L'Huillier Romain, Pagnoux Gaële, Dupuis-Girod Sophie, Stacoffe Nicolas
Department of Diagnostic and Interventional Radiology, Hospices Civils de Lyon, University of Lyon, Pavillon B, Hôpital Edouard Herriot, 5 Place D'Arsonval, Lyon, 69003, France.
LabTAU - Inserm U1032, Lyon, 69003, France.
CVIR Endovasc. 2024 Mar 16;7(1):30. doi: 10.1186/s42155-024-00444-8.
Renal arteriovenous malformation (AVM) in Hereditary Hemorrhagic Telangiectasia (HHT) is uncommon and only few cases have been described, mainly with surgical management because of uncontrolled hematuria.
We managed a 70-year-old patient with HHT who presented with hematuria and left flank pain. Computed Tomography and ultrasound showed left renal AVM of 18 mm with clotting in the urinary tract. An external ureteral catheter was placed during 3 days to allow rinsing and facilitate elimination of clots. Given the patient's hemodynamic stability, a non-surgical management was chosen.

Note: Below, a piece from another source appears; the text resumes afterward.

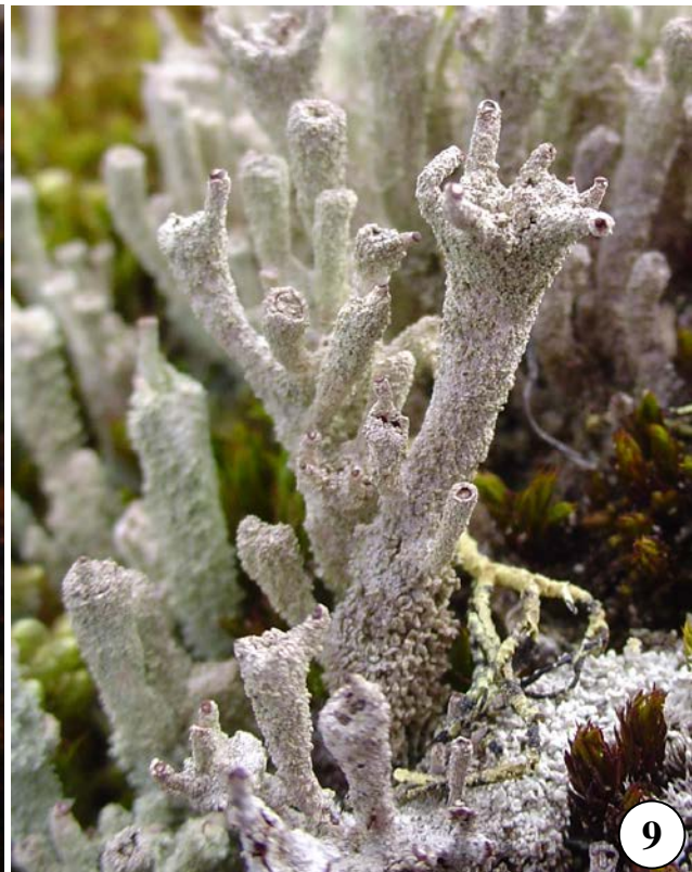
Figures 7-9: 7 – A small “forest” of Cladonia borealis , showing the podetia with broad scyphi, and Usnea antarctica . Use the water drop as scale (Keller Peninsula, King George Island); 8-9 – Cladonia spp., with distinct podetia types (King George Island).
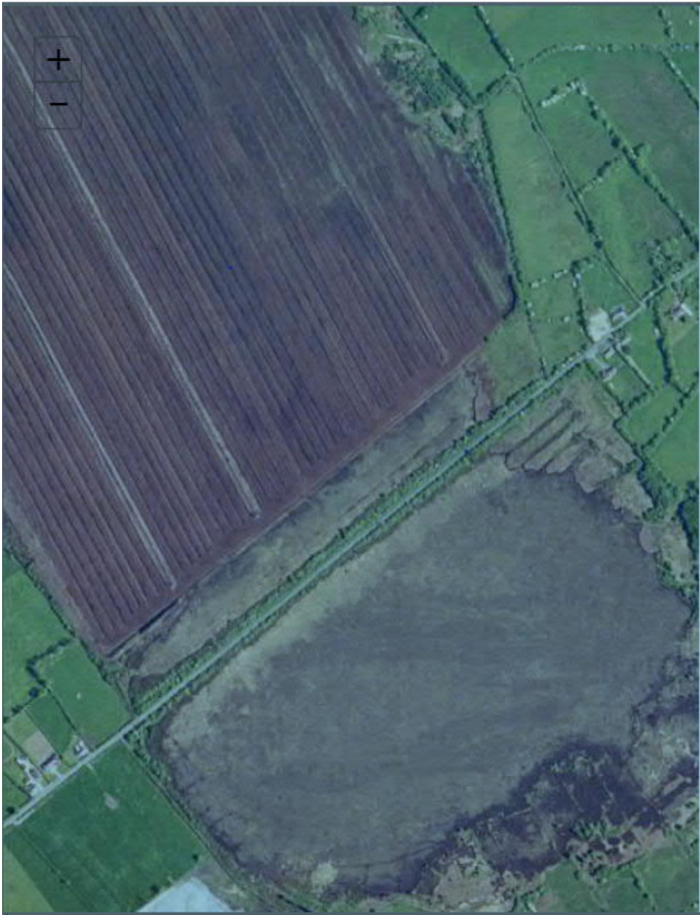
Figure 66: High Bog to the South of the Production Fields

Treatment of the AVM was performed by trans-arterial embolization using micro-coils and ethylene-vinyl alcohol copolymer.
Our case study shows a conservative management by embolization of ruptured left renal AVM revealed by hematuria in a 70-year-old patient with HHT.
遗传性出血性毛细血管扩张症(HHT)中的肾动静脉畸形(AVM)并不常见,仅有少数病例被描述,主要因血尿难以控制而行手术治疗。
我们诊治了一名70岁的HHT患者,其表现为血尿和左胁腹痛。计算机断层扫描和超声显示左肾有一个18毫米的AVM,尿路中有血凝块。放置了外置输尿管导管3天,以便冲洗并促进血凝块排出。鉴于患者血流动力学稳定,选择了非手术治疗。采用微线圈和乙烯-乙烯醇共聚物经动脉栓塞治疗AVM。
我们的病例研究表明,对于一名70岁HHT患者因血尿发现的破裂左肾AVM,可通过栓塞进行保守治疗。